GIVEN DATA:
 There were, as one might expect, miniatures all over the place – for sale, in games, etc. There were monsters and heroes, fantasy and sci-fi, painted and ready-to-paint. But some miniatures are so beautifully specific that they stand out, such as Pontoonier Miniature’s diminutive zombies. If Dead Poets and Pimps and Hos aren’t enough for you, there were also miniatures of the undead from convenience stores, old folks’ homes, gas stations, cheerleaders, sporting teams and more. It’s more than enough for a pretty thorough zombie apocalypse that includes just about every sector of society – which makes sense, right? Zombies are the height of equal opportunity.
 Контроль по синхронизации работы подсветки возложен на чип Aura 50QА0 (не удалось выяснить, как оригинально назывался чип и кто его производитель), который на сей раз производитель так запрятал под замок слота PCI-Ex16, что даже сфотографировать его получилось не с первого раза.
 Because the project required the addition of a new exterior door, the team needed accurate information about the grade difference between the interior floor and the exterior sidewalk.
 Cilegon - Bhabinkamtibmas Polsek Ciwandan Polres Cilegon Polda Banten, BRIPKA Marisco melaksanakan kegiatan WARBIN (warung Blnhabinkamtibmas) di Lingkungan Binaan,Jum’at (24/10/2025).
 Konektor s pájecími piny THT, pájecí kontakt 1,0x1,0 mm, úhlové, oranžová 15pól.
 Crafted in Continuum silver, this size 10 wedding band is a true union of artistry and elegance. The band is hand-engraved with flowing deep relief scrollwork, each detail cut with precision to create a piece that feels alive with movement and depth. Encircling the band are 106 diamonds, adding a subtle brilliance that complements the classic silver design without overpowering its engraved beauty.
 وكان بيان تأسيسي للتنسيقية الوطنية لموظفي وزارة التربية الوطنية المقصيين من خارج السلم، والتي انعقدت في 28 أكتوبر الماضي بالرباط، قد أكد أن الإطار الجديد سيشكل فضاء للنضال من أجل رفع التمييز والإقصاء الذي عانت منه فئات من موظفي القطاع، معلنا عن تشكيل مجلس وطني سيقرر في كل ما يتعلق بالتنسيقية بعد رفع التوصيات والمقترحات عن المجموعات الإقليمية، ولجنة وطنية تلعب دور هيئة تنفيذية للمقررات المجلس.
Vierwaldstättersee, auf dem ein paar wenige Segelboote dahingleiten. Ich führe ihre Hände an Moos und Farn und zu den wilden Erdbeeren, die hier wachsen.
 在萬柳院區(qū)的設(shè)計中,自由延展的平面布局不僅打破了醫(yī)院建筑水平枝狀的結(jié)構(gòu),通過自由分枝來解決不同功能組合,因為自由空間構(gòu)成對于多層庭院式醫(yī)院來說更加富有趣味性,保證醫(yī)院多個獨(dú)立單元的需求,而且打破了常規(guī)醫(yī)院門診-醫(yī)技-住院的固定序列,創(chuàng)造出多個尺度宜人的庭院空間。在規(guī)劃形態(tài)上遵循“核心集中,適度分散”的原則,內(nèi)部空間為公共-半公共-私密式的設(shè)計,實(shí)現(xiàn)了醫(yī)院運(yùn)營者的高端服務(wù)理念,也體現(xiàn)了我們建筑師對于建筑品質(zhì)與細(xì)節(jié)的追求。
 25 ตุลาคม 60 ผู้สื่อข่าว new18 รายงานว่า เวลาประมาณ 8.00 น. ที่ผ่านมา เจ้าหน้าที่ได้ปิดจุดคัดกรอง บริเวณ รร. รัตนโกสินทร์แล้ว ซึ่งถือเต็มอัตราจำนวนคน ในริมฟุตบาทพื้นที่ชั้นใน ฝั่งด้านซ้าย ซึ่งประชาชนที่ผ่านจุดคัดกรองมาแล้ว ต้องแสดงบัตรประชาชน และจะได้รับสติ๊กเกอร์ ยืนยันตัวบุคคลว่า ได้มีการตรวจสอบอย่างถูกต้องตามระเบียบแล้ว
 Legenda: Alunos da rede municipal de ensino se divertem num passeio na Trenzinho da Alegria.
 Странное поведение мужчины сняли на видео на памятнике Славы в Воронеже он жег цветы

WORK INSTRUCTION:
For each line in the listing, return it exactly as shown.

ANSWER AREA:
 There were, as one might expect, miniatures all over the place – for sale, in games, etc. There were monsters and heroes, fantasy and sci-fi, painted and ready-to-paint. But some miniatures are so beautifully specific that they stand out, such as Pontoonier Miniature’s diminutive zombies. If Dead Poets and Pimps and Hos aren’t enough for you, there were also miniatures of the undead from convenience stores, old folks’ homes, gas stations, cheerleaders, sporting teams and more. It’s more than enough for a pretty thorough zombie apocalypse that includes just about every sector of society – which makes sense, right? Zombies are the height of equal opportunity.
 Контроль по синхронизации работы подсветки возложен на чип Aura 50QА0 (не удалось выяснить, как оригинально назывался чип и кто его производитель), который на сей раз производитель так запрятал под замок слота PCI-Ex16, что даже сфотографировать его получилось не с первого раза.
 Because the project required the addition of a new exterior door, the team needed accurate information about the grade difference between the interior floor and the exterior sidewalk.
 Cilegon - Bhabinkamtibmas Polsek Ciwandan Polres Cilegon Polda Banten, BRIPKA Marisco melaksanakan kegiatan WARBIN (warung Blnhabinkamtibmas) di Lingkungan Binaan,Jum’at (24/10/2025).
 Konektor s pájecími piny THT, pájecí kontakt 1,0x1,0 mm, úhlové, oranžová 15pól.
 Crafted in Continuum silver, this size 10 wedding band is a true union of artistry and elegance. The band is hand-engraved with flowing deep relief scrollwork, each detail cut with precision to create a piece that feels alive with movement and depth. Encircling the band are 106 diamonds, adding a subtle brilliance that complements the classic silver design without overpowering its engraved beauty.
 وكان بيان تأسيسي للتنسيقية الوطنية لموظفي وزارة التربية الوطنية المقصيين من خارج السلم، والتي انعقدت في 28 أكتوبر الماضي بالرباط، قد أكد أن الإطار الجديد سيشكل فضاء للنضال من أجل رفع التمييز والإقصاء الذي عانت منه فئات من موظفي القطاع، معلنا عن تشكيل مجلس وطني سيقرر في كل ما يتعلق بالتنسيقية بعد رفع التوصيات والمقترحات عن المجموعات الإقليمية، ولجنة وطنية تلعب دور هيئة تنفيذية للمقررات المجلس.
Vierwaldstättersee, auf dem ein paar wenige Segelboote dahingleiten. Ich führe ihre Hände an Moos und Farn und zu den wilden Erdbeeren, die hier wachsen.
 在萬柳院區(qū)的設(shè)計中,自由延展的平面布局不僅打破了醫(yī)院建筑水平枝狀的結(jié)構(gòu),通過自由分枝來解決不同功能組合,因為自由空間構(gòu)成對于多層庭院式醫(yī)院來說更加富有趣味性,保證醫(yī)院多個獨(dú)立單元的需求,而且打破了常規(guī)醫(yī)院門診-醫(yī)技-住院的固定序列,創(chuàng)造出多個尺度宜人的庭院空間。在規(guī)劃形態(tài)上遵循“核心集中,適度分散”的原則,內(nèi)部空間為公共-半公共-私密式的設(shè)計,實(shí)現(xiàn)了醫(yī)院運(yùn)營者的高端服務(wù)理念,也體現(xiàn)了我們建筑師對于建筑品質(zhì)與細(xì)節(jié)的追求。
 25 ตุลาคม 60 ผู้สื่อข่าว new18 รายงานว่า เวลาประมาณ 8.00 น. ที่ผ่านมา เจ้าหน้าที่ได้ปิดจุดคัดกรอง บริเวณ รร. รัตนโกสินทร์แล้ว ซึ่งถือเต็มอัตราจำนวนคน ในริมฟุตบาทพื้นที่ชั้นใน ฝั่งด้านซ้าย ซึ่งประชาชนที่ผ่านจุดคัดกรองมาแล้ว ต้องแสดงบัตรประชาชน และจะได้รับสติ๊กเกอร์ ยืนยันตัวบุคคลว่า ได้มีการตรวจสอบอย่างถูกต้องตามระเบียบแล้ว
 Legenda: Alunos da rede municipal de ensino se divertem num passeio na Trenzinho da Alegria.
 Странное поведение мужчины сняли на видео на памятнике Славы в Воронеже он жег цветы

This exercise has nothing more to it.